● **Exercise prompt**: The line containing "- 查询过程: 用户提交问题" and each line after it, through the final line of the data, are to be retyped exactly, with pictures left out.

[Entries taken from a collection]
• • • •

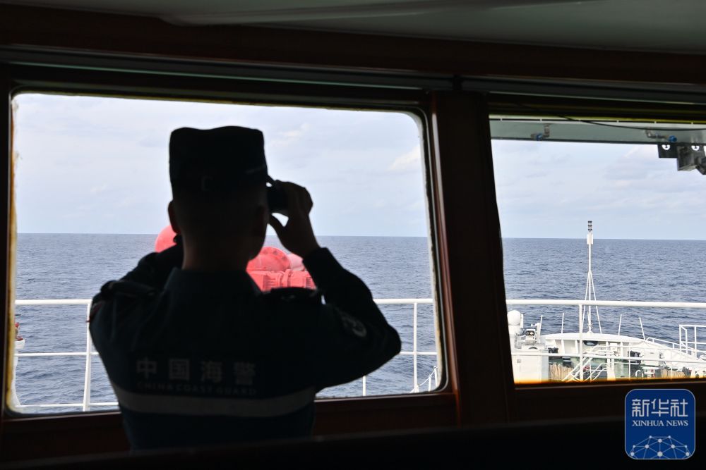 这是中国海警万山舰执法员在进行观察瞭望(2月6日摄)。新华社发(翟一凡摄)
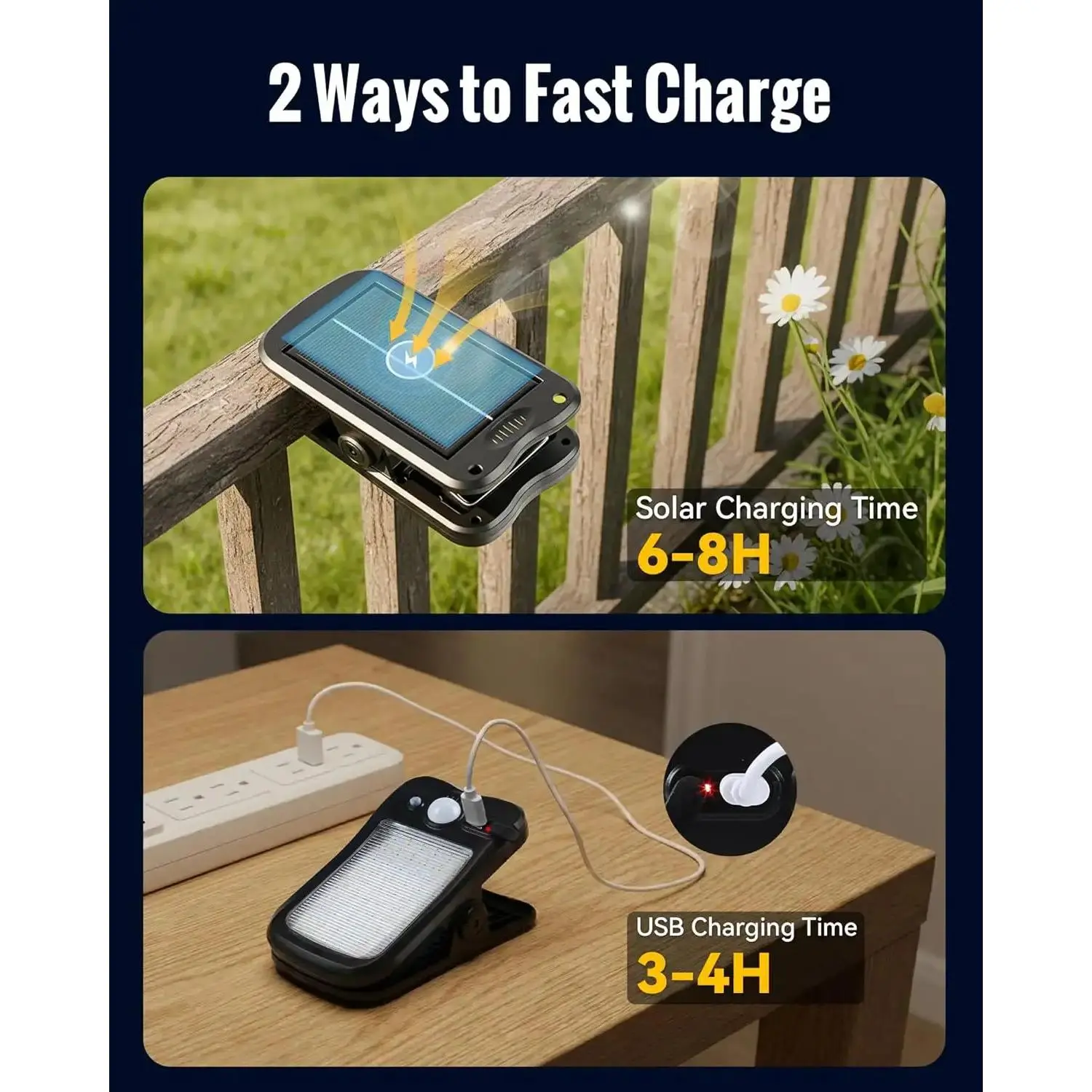 Ultra-Bright Solar Light,Compact Portable Clip-On Motion Sensor, Multi-Function Outdoor LED Safety Lighting, Pathway Security Lights, Suitable for Courtyard, Garden, Balcony, Patio, Fence, Deck, Wall, Garage, Workshop Repair
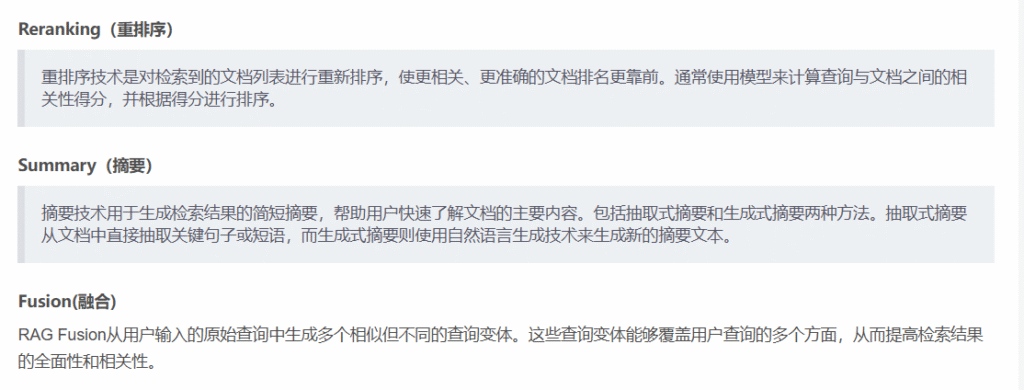 - 查询过程: 用户提交问题 –> 查询重写器对问题进行重新表述 –> 检索器去数据库检索相关内容 –> 对检索的块进行重排生成列表 –> 合并整理列表中的块 –> 读取合并之后的块 –> 生成响应返回给用户
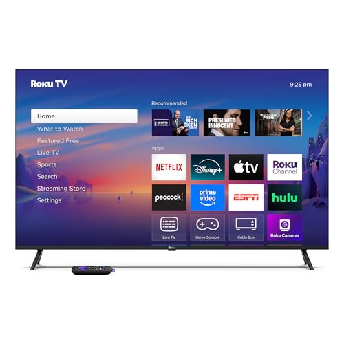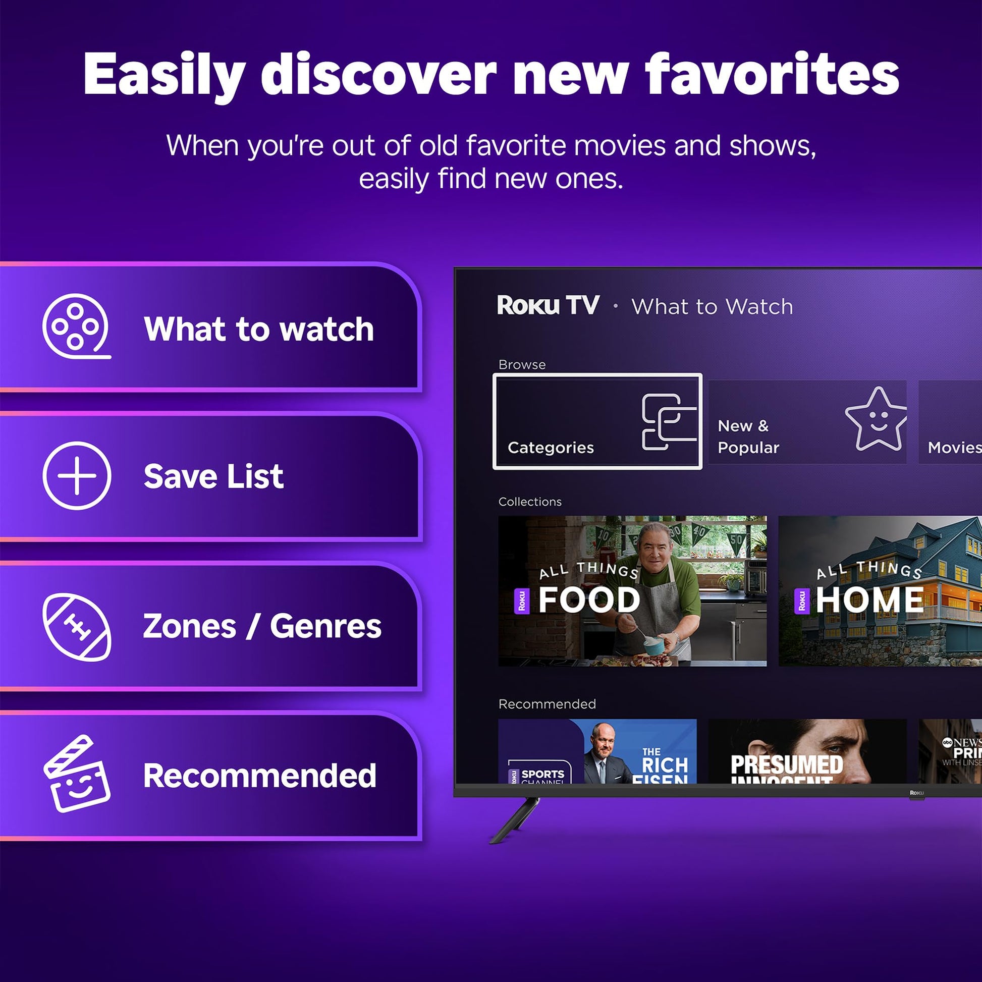A smart TV that makes sense. Roku Select Series 4K TVs are designed to upgrade your entertainment. Enjoy your streaming favorites on this flat screen TV. Catch every word with auto speech clarity or hook up headphones so you don’t wake the house. Watch free live television from the home screen or use the voice remote to find entertainment across thousands of apps. And your couch cushions are no match for the lost remote finder. Smart TV doesn’t have to be complicated. That’s why we’ve designed a line of flat screen smart TVs powered by the delightfully simple Roku experience.
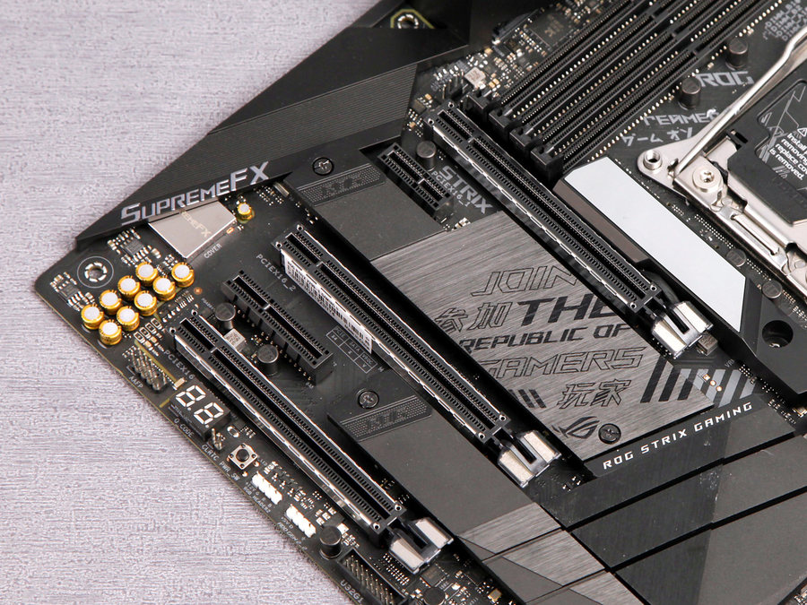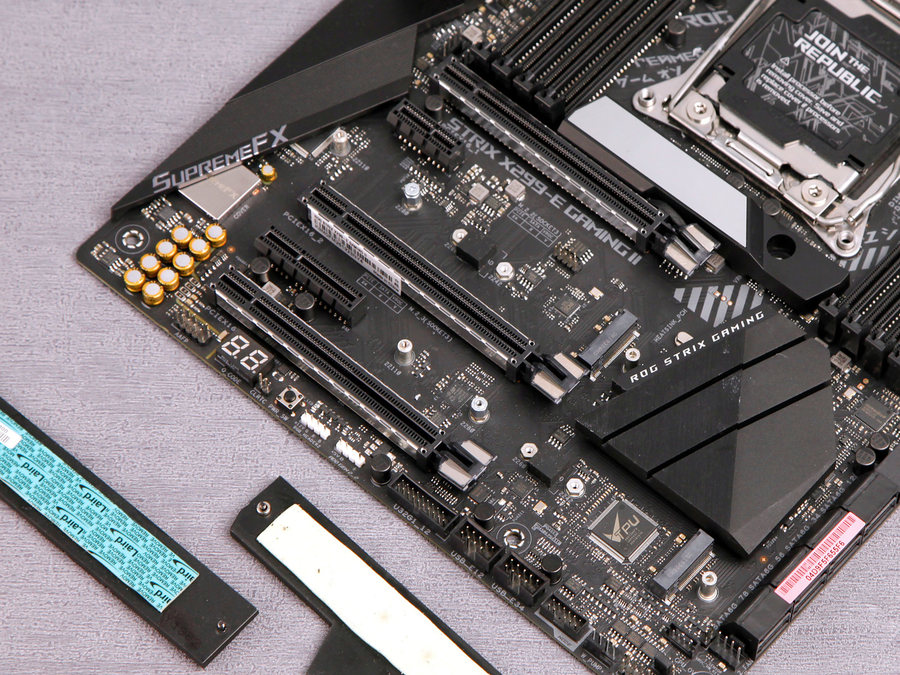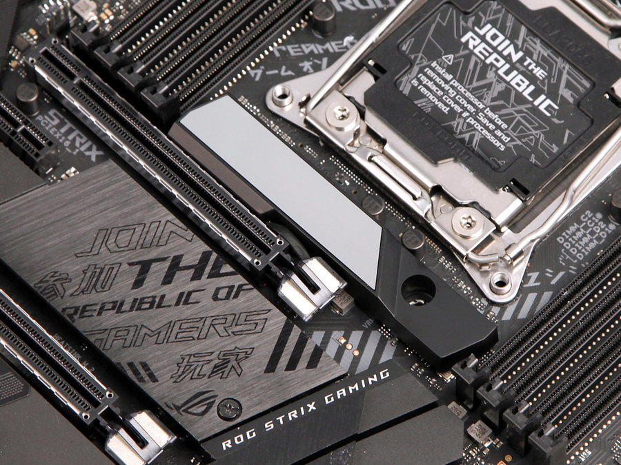 ROG STRIX X299-E GAMING II采用了ATX标准板型设计,做工精良,用料看上去也是相当足。

• • • •

● **Task output**:
 - 查询过程: 用户提交问题 –> 查询重写器对问题进行重新表述 –> 检索器去数据库检索相关内容 –> 对检索的块进行重排生成列表 –> 合并整理列表中的块 –> 读取合并之后的块 –> 生成响应返回给用户
A smart TV that makes sense. Roku Select Series 4K TVs are designed to upgrade your entertainment. Enjoy your streaming favorites on this flat screen TV. Catch every word with auto speech clarity or hook up headphones so you don’t wake the house. Watch free live television from the home screen or use the voice remote to find entertainment across thousands of apps. And your couch cushions are no match for the lost remote finder. Smart TV doesn’t have to be complicated. That’s why we’ve designed a line of flat screen smart TVs powered by the delightfully simple Roku experience.
 ROG STRIX X299-E GAMING II采用了ATX标准板型设计,做工精良,用料看上去也是相当足。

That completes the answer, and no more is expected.